- **WHAT YOU SHOULD DO**
The lines below must be transcribed exactly as given, with the images removed.

- **DATA PROVIDED**
------

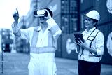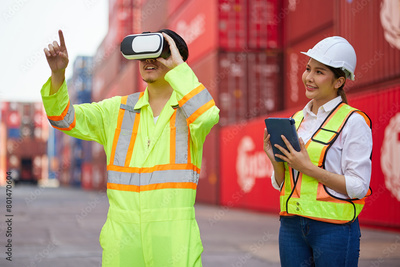 worker or engineer wearing virtual reality glasses(VR) in containers warehouse storage
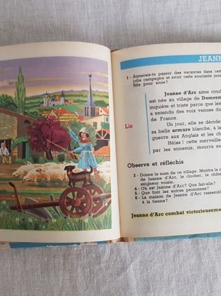 Découvert dans le grenier de mes parents, ce petit ouvrage intitulé "Mon premier livre d'histoire", daté de 1957, édité chez Armand Colin. Nombreuses illustrations en couleur. 63 pages. Quelques rousseurs sur la couverture.
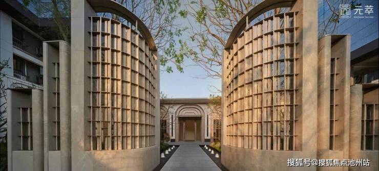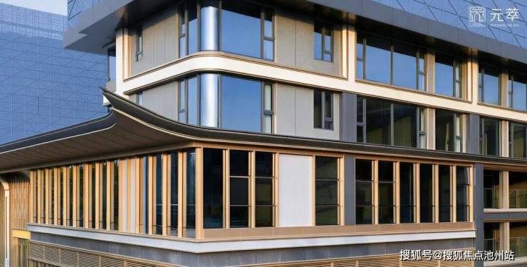 建筑立面以现代公建化手法为基底,巧妙融合金属铝板、玻璃幕墙与天然石材,萃取千年“仪门”及贡院古建筑拱门的经典元素,并融入国际前沿审美中的扎哈曲线立面设计。

------

- **REPLY TO THE TASK**
 worker or engineer wearing virtual reality glasses(VR) in containers warehouse storage
 Découvert dans le grenier de mes parents, ce petit ouvrage intitulé "Mon premier livre d'histoire", daté de 1957, édité chez Armand Colin. Nombreuses illustrations en couleur. 63 pages. Quelques rousseurs sur la couverture.
 建筑立面以现代公建化手法为基底,巧妙融合金属铝板、玻璃幕墙与天然石材,萃取千年“仪门”及贡院古建筑拱门的经典元素,并融入国际前沿审美中的扎哈曲线立面设计。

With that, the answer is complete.